● Problem to work on: Each entry below must be repeated exactly. Leave the pictures out of it.

● Exercise input:
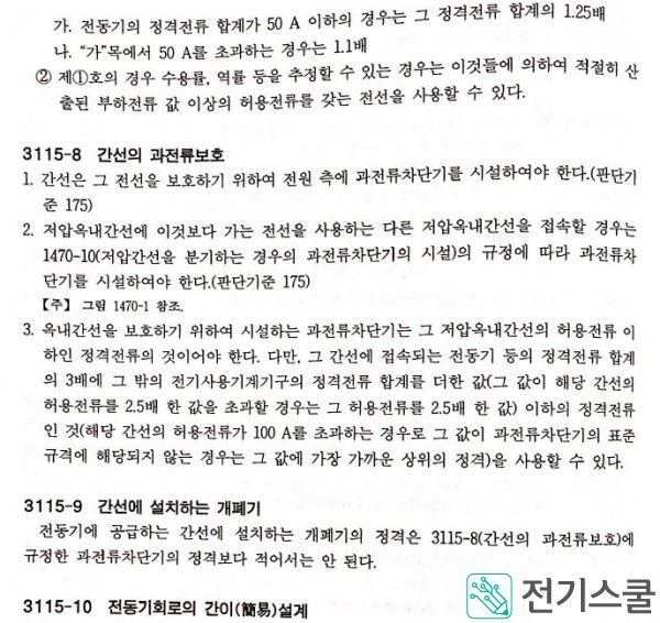 저압 옥내 배선의 각 부분마다 그 부분을 통하여 공급되는 전동기 등의 정격 전류의 합계의 1. 25배(그 전동기 등의 정격 전류의 합계가 50A를 넘을 경우에는 1. 1배)의 값 이상인 허용 전류의 것일 것.
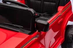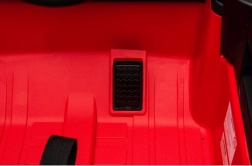 Der Innenraum überzeugt mit einem bequemen Kunstledersitz mit Gurten, einem funktionsfähigen Audio-Panel (Bluetooth, USB, MP3), vorderen LED-Scheinwerfern und Bedienelementen am Lenkrad (Hupe, Sounds). Für Sicherheit sorgt die 2,4-GHz-Fernbedienung mit drei Geschwindigkeiten und Not-Stopp.
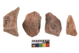 | Description / विवरण | Specimen of flake tools with prominent flaking marks. |
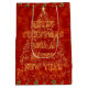 JOY, KÄRLEK & PEACE - elegant presentsäck med vacker grönt Julgran dekorerad med färgstarka prydnadsföremål och mousserande ljus mot röd bakgrund. Swirling stjärngnistor och, God jul och Gott nytt år på baksidan (helt anpassade).
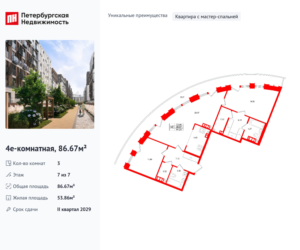 Уникальная, функциональная европланировка, вместительная прихожая 7.12 м². Общая площадь квартиры - 86.67 м², жилая – 53.86 м², высота потолка 3.6 м.
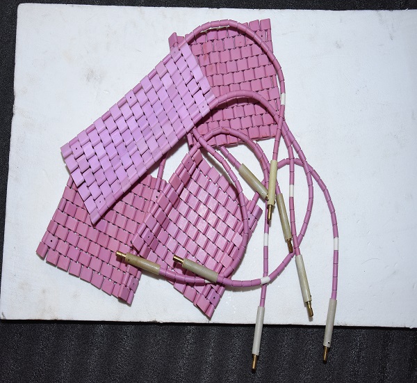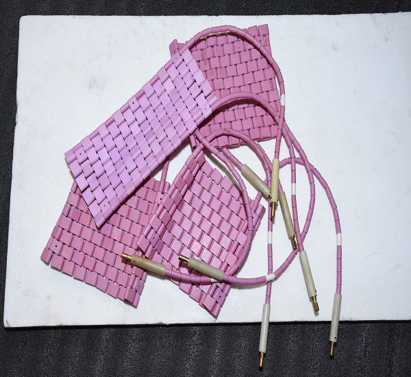 The ceramic pad is manufactured from high alumina ceramic beads with a nickel-chromium flexible core wire serpentined within the beads. Nickel tails are weld to the core wire.
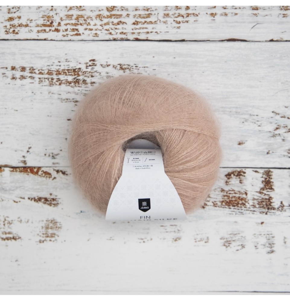 Lyxig silke-mohair-mix med fluffig aura och vacker glans. Detta högkvalitativa mohairgarn kan stickas somföljegarn tillsammans med ett ullgarn eller med endast en eller flera trådar Fin Mohair Silke för fjäderlätta plagg.Färgerna är dämpade, pudriga och helt perfekta för att uppfylla dina mohairdrömmar.
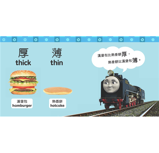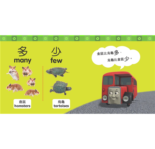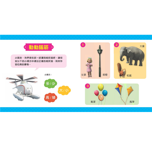 《相反詞》內含5組寶寶經常接觸得到的相反詞,包括:高和矮、大和小、長和短、厚和薄、多和少,並於每個單元內以實物圖具體說明相反詞的意思,加深寶寶對相反詞的認知。

● Result of the task:
 저압 옥내 배선의 각 부분마다 그 부분을 통하여 공급되는 전동기 등의 정격 전류의 합계의 1. 25배(그 전동기 등의 정격 전류의 합계가 50A를 넘을 경우에는 1. 1배)의 값 이상인 허용 전류의 것일 것.
 Der Innenraum überzeugt mit einem bequemen Kunstledersitz mit Gurten, einem funktionsfähigen Audio-Panel (Bluetooth, USB, MP3), vorderen LED-Scheinwerfern und Bedienelementen am Lenkrad (Hupe, Sounds). Für Sicherheit sorgt die 2,4-GHz-Fernbedienung mit drei Geschwindigkeiten und Not-Stopp.
 | Description / विवरण | Specimen of flake tools with prominent flaking marks. |
 JOY, KÄRLEK & PEACE - elegant presentsäck med vacker grönt Julgran dekorerad med färgstarka prydnadsföremål och mousserande ljus mot röd bakgrund. Swirling stjärngnistor och, God jul och Gott nytt år på baksidan (helt anpassade).
 Уникальная, функциональная европланировка, вместительная прихожая 7.12 м². Общая площадь квартиры - 86.67 м², жилая – 53.86 м², высота потолка 3.6 м.
 The ceramic pad is manufactured from high alumina ceramic beads with a nickel-chromium flexible core wire serpentined within the beads. Nickel tails are weld to the core wire.
 Lyxig silke-mohair-mix med fluffig aura och vacker glans. Detta högkvalitativa mohairgarn kan stickas somföljegarn tillsammans med ett ullgarn eller med endast en eller flera trådar Fin Mohair Silke för fjäderlätta plagg.Färgerna är dämpade, pudriga och helt perfekta för att uppfylla dina mohairdrömmar.
 《相反詞》內含5組寶寶經常接觸得到的相反詞,包括:高和矮、大和小、長和短、厚和薄、多和少,並於每個單元內以實物圖具體說明相反詞的意思,加深寶寶對相反詞的認知。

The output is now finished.